In my discussion last year of AI-assisted library interfaces, I was blind to this possibility, focusing instead on using LLMs to surface even better matches for what a researcher was already seeking. But it might be worth surprising scholars from time to time rather than always giving them perfect alignment. This surprise could take the form of a sidebar of items that wouldn't show up in a standard Boolean search. Or a tool could scan all of the relevant material and return an assessment of what hasn’t been studied in this particular area. This would be the opposite of AI’s current inclination toward summarization and constant narrowing. Now that it’s trivial to create small AI agents, a library could also provide a service to notify a researcher when new items are digitized or accessioned that may be relevant to their work. All of these services could take advantage of the much larger context windows — the length of input text — that today's LLMs can handle. For example, it would be useful to have a scholar upload a research brief, rather than typing in mere keywords, when beginning a search and discovery process.
In addition to repeated encounters with the unusual, new ideas can also come from open-ended noodling with familiar resources and data. In “AI Agents for Economics Research,” Anton Korinek describes a healthy division of labor between the human mind and AI agents that maintains the former’s primacy: “While these systems compile existing knowledge rather than generating novel insights, they speed up an important part of the research process by automating the time-intensive work of information gathering and initial synthesis.” Consider an idea; ask the agent to assemble the relevant data to see if there’s anything to it; revise and repeat as the inquiry develops. The historian Benjamin Breen has used AI coding tools to rapidly build interactive environments that combine cultural heritage collections and LLMs so that he and other scholars can immerse themselves an era or set of documents in a free-form, thought-provoking way. The “Premodern Concordance” Breen created with fellow intellectual historian Mackenzie Cooley, a prototype of an exploratory website that covers natural history books from García de Orta to William James, helps the prospecting researcher discover latent connections across texts written in different times and languages. This kind of digital project would have previously taken years of effort at a digital humanities center; with tools like Claude Code, one can imagine quickly producing such a vibrant early-stage research tool for a single dissertation or article.

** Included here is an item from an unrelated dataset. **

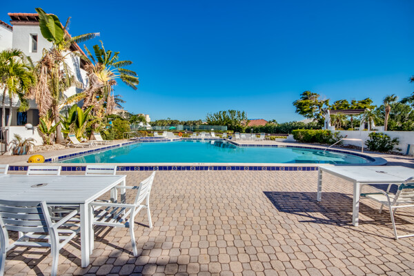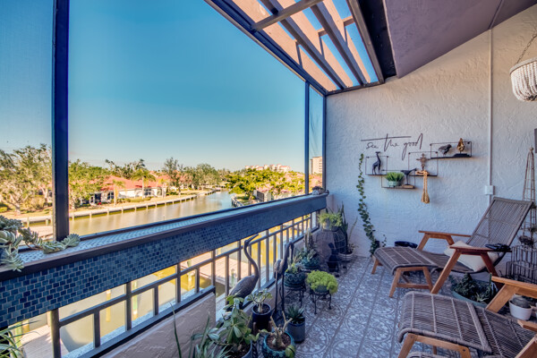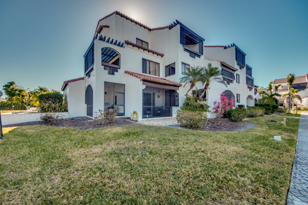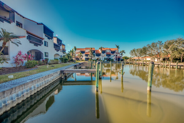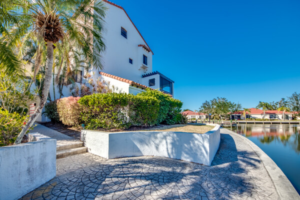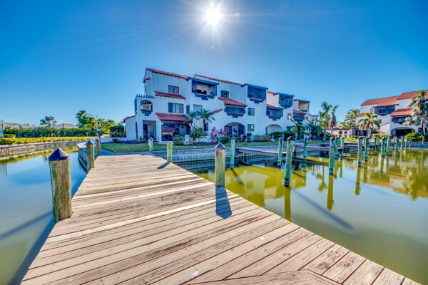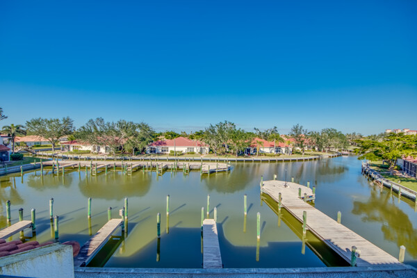 Two story penthouse with water view & access to Gulf. Private dock, 3.5 deep. Recently upgraded with new AC, first floor luxury vinyl, upgraded lighting, remodeled main level bath, millwork w/ fresh paint, granite surfaces with wet bar, new convection/air fryer/wifi stove, high tech microwave and stainless steel appliances. Don't forget the sunshades and screened lanai with westward facing sunsets and waterfrontage. Access the huge pool, jacuzzi, tennis courts, workout building, and marina from your own dockside unit. Only dwelling with two storage units on main level! One assigned carport and ELEVATOR to the third floor. NO HURRICANE DAMAGE. Development soon to install impact doors/windows & new roof. Upstairs bathroom currently in stage one of remodel, but fully functional.

We may very well look back on our first years of engagement with AI in forms like ChatGPT as we now look back on AOL before the flourishing of the World Wide Web — a comfortable, contained, and relatively inflexible introduction to a new digital world. The flexibility and expansiveness of the Web — the fact that anyone could assemble sites and services from servers, collections, and data from around the world — made it a much better environment for the generation of new ideas.
We should also remember that human beings still have plenty of ways to conceive new ideas that don’t use AI, or any technology at all. Benoît Mandelbrot was obsessed with maps from a young age, developing insights into them that would elude most other people, and it is clear from his biography that his years in IBM's highly interactive, interdisciplinary research group prompted him in directions he could not have foreseen. We human beings can find ourselves thinking new things simply by having coffee with another person, or by reading a good book they wrote.